Several limitations of this study should be addressed. The participants were all females in their mid-30 s, and their cognitive changes induced by circadian disruption may differ from those in males.34 The Joggle test in SW indicated that their cognitive function was not disturbed, which is probably related to a lower level of difficulty in test items considering the high innate capacities of younger participants. Perfusion differences between SW and DW might have been attenuated by the relative youngness of the participants and the smallness of the sample. In this study, DW consumed more alcohol than SW. Chronic alcohol consumption exceeding 15 drinks/week is known to reduce the global CBF.35 Although the present DW consumed significantly less alcohol than those in the previous study, it is still possible that the CBF was reduced due to alcohol consumption, which would have underestimated the CBF difference between the two groups. The present MRI studies were conducted on the day following two consecutive night shifts in SW and at the same time in DW, and the schedules of the SW might have differed before their night shifts. Also, the time of day is important when interpreting functional connectivity or rCBF, and circadian and homeostatic influences are important when understanding the results of resting-state data. However, in shift-work studies, the effects of fatigue and workload according to different shifts might overwhelm the time-of-day effects. A previous investigation found a significant correlation between rCBF and the cortisol level in the morning in the anterior cingulate cortex.36 In the present study, the regional perfusion in the anterior cingulate cortex did not differ between SW and DW. This might reduce the need to consider the time of day, but the different MRI study times impair the ability to interpret our results. There could be potential errors in computer perfusion parameters due to susceptibility artifacts of DSC-MRI data, registration errors using an affine transformation, and image distortion due to the phase-encoding polarity.
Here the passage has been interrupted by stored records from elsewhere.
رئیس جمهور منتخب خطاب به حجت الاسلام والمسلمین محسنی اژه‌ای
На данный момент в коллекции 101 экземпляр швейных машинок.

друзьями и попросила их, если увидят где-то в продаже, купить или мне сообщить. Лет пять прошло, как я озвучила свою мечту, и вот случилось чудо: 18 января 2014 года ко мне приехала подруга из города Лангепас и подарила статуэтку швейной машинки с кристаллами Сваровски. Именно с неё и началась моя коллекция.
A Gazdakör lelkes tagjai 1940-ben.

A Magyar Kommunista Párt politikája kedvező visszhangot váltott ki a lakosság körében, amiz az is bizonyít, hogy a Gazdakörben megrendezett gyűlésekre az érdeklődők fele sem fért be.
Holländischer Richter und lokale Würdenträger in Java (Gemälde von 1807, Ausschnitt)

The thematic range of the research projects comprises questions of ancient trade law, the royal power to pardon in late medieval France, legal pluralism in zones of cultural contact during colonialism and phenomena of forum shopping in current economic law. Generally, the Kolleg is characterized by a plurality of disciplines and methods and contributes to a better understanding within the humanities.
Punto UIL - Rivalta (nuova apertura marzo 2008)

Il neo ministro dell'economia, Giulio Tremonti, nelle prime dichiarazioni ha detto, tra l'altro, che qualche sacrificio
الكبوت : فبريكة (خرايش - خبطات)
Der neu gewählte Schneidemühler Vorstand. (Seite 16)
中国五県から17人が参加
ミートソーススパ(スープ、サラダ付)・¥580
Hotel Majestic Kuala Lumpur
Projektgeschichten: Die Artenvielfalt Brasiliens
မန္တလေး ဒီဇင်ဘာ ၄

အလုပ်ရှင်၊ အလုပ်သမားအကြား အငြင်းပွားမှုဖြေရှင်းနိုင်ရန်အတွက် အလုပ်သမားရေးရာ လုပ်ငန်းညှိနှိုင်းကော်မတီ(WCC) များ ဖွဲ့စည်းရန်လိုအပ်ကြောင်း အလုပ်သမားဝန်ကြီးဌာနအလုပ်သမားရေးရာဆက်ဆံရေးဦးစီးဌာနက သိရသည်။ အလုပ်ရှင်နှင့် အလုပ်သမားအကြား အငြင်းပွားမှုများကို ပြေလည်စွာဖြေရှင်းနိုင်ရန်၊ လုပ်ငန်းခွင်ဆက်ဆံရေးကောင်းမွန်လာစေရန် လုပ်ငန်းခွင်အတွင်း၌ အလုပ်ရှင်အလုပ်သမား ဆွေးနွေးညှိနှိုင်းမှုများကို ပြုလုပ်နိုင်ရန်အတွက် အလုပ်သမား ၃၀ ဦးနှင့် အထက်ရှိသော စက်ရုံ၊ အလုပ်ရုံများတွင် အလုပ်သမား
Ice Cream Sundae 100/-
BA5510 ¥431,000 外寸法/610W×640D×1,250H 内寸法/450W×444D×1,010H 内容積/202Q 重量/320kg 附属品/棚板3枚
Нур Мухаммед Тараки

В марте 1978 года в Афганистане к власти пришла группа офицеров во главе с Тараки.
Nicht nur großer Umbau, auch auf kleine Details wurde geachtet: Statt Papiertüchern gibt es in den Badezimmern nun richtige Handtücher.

This study has shown that disrupted circadian rhythm is associated with multiregional cerebral dysfunction; however, the underlying mechanisms remain unknown and so require further investigation.
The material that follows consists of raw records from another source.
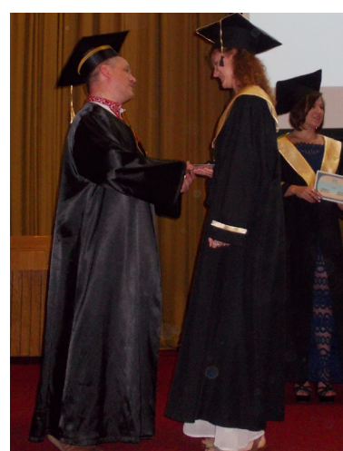
Математики отримують дипломи

року проводимо різні екскурсії. Нещодавно окремі групи їздили на озеро Синевир, також відвідали історичні місця Києва, Львова, Кам'янця-Подільського тощо. На початку навчального семестру для першокурсників організуємо вечір знайомств, який супроводжується дискотекою. У розпал новорічно-різдвяних свят студенти долучаються до акції «Подаруй дитині свято». Тоді збирають кошти й подарунки для дітей-сиріт. Готуємося й до Дня святого Валентина: влаштуємо конкурс на кращу «валентинку», яку описали ставимо на стенд; переможців нагороджуємо цінними призами, зокрема флешками, книжками. Не оминаємо увагою й річницю, видатні події. Наприклад, до 75-ої річниці Карпатської України мате-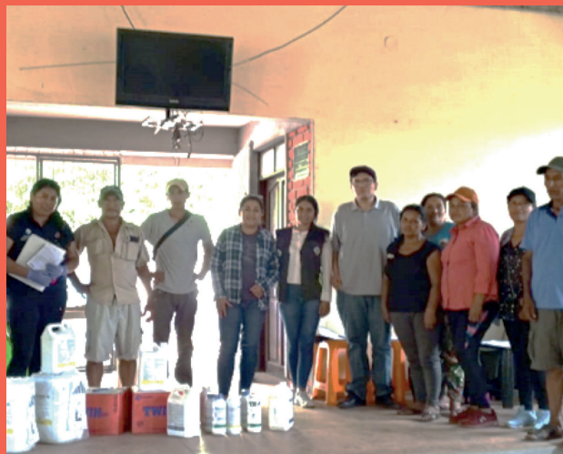
Entrega de insumos químicos y fertilizantes a productores, en la Comunidad de Tiguipa Pueblo, Municipio de Machareti.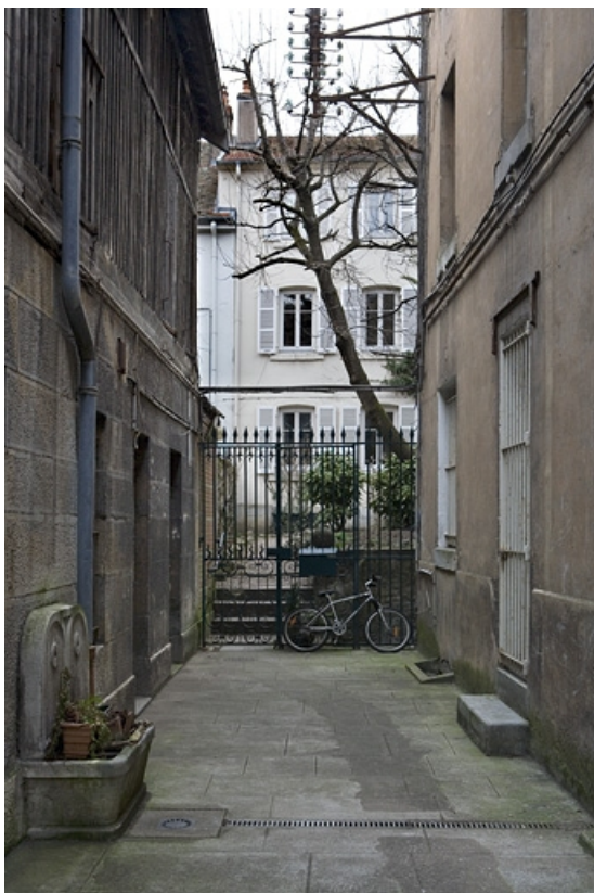
Vue d'ensemble du logis secondaire situé en fond de parcelle, depuis la première cour.

25, Besançon Grande Rue 109, lieudit : îlot Forum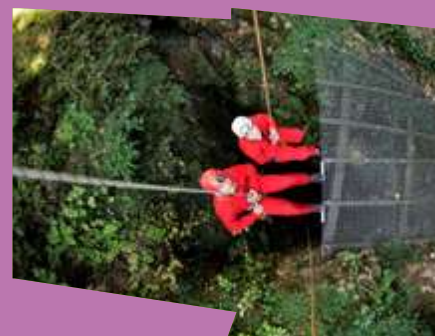
Descente panoramique

>>Public sportif. Sur réservation uniquement, groupe limité ( 6 à 8 personnes). Infos & résas : 04 75 38 65 10

In summary, we found that female SW were more depressed, anxious, and hyperactive-restlessness than DW, and that the severity of these features was significantly correlated with the irregularity of sleep. Mood and insomnia symptoms were substantially correlated with perfusion changes in SW. This study suggests that SW have altered functional changes in their brains that may partly explain the impact of desynchronization of the circadian rhythm on the development of affective disorder in SW.